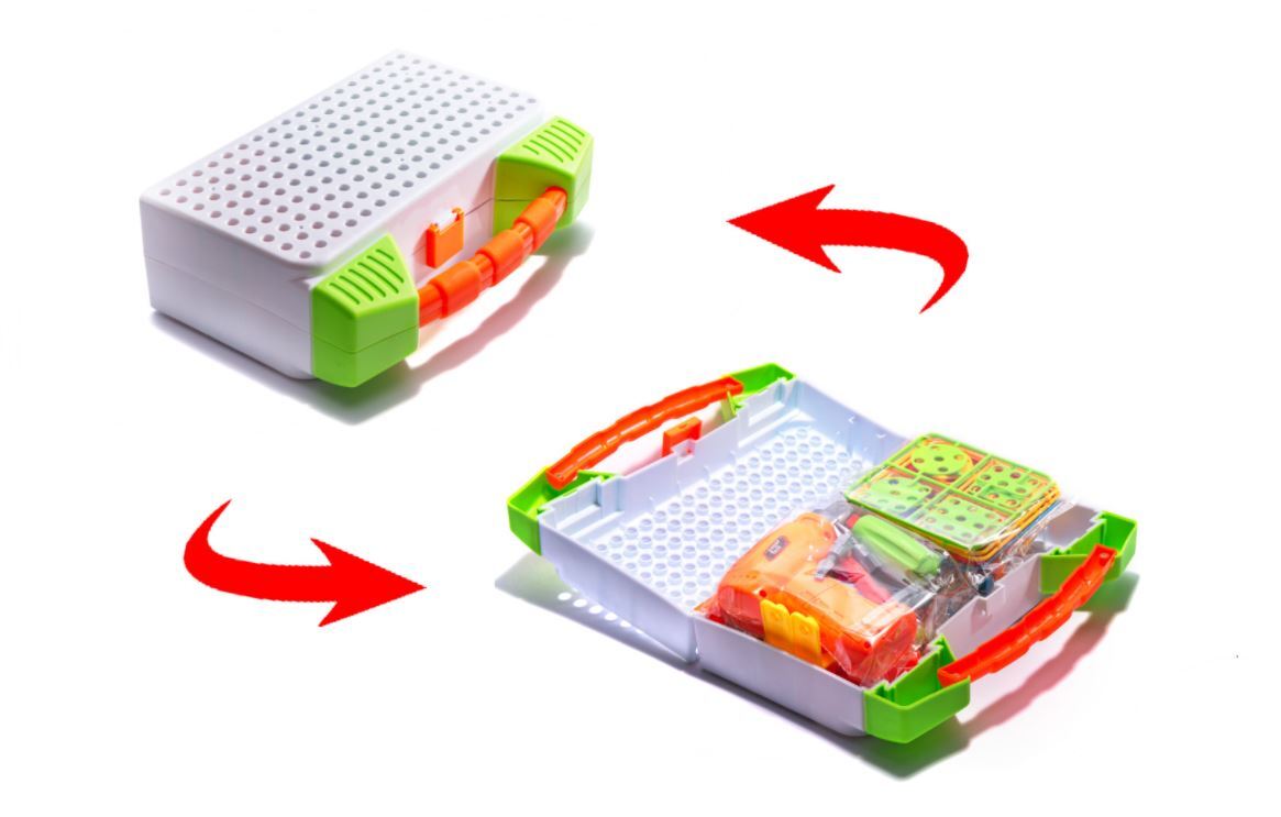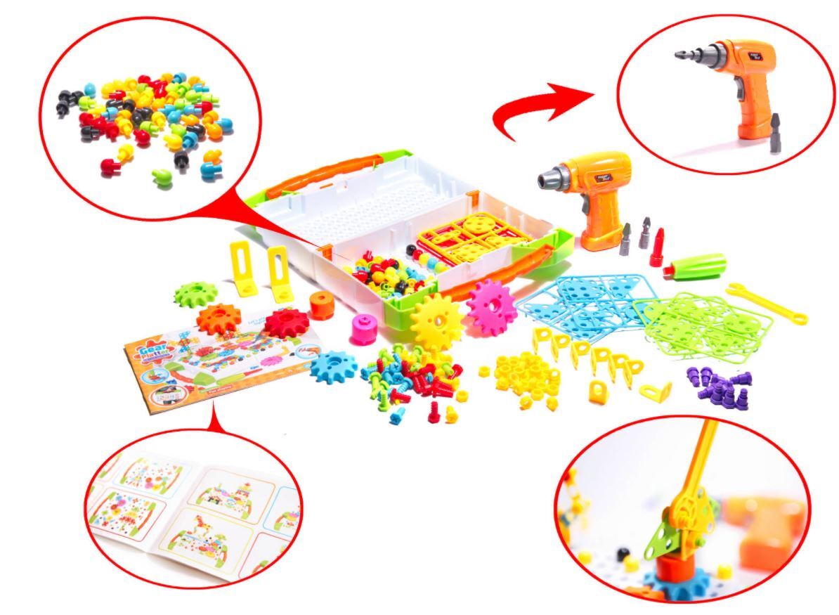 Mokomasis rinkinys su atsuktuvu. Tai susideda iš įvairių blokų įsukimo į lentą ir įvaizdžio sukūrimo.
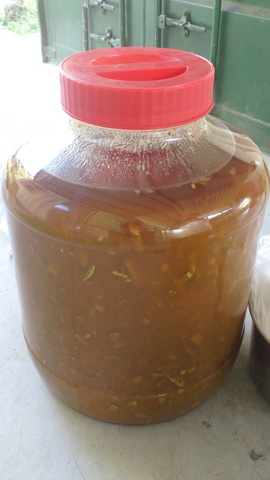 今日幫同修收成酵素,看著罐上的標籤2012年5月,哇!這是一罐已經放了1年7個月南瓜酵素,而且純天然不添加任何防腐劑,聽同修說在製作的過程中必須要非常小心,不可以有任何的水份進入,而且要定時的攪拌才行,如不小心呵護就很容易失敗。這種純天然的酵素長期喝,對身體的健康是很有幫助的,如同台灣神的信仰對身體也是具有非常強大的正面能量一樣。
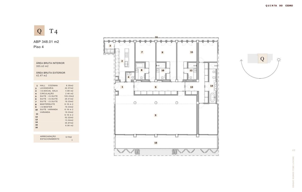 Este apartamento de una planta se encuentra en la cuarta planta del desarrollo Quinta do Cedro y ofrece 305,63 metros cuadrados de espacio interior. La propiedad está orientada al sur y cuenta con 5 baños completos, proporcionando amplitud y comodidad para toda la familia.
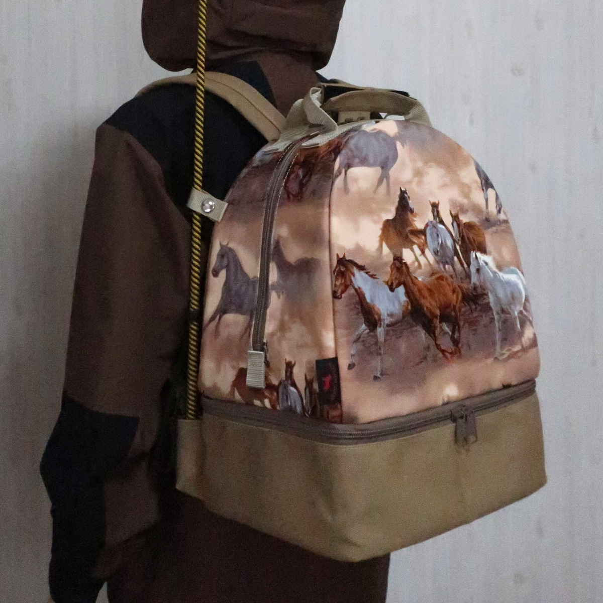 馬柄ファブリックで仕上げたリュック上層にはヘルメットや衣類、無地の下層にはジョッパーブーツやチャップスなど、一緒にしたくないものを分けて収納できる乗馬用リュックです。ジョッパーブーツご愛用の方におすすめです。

******************************

YOUR OBJECTIVE
Set the pictures aside and transcribe the data above exactly.

EXERCISE ANSWER
 Mokomasis rinkinys su atsuktuvu. Tai susideda iš įvairių blokų įsukimo į lentą ir įvaizdžio sukūrimo.
 今日幫同修收成酵素,看著罐上的標籤2012年5月,哇!這是一罐已經放了1年7個月南瓜酵素,而且純天然不添加任何防腐劑,聽同修說在製作的過程中必須要非常小心,不可以有任何的水份進入,而且要定時的攪拌才行,如不小心呵護就很容易失敗。這種純天然的酵素長期喝,對身體的健康是很有幫助的,如同台灣神的信仰對身體也是具有非常強大的正面能量一樣。
 Este apartamento de una planta se encuentra en la cuarta planta del desarrollo Quinta do Cedro y ofrece 305,63 metros cuadrados de espacio interior. La propiedad está orientada al sur y cuenta con 5 baños completos, proporcionando amplitud y comodidad para toda la familia.
 馬柄ファブリックで仕上げたリュック上層にはヘルメットや衣類、無地の下層にはジョッパーブーツやチャップスなど、一緒にしたくないものを分けて収納できる乗馬用リュックです。ジョッパーブーツご愛用の方におすすめです。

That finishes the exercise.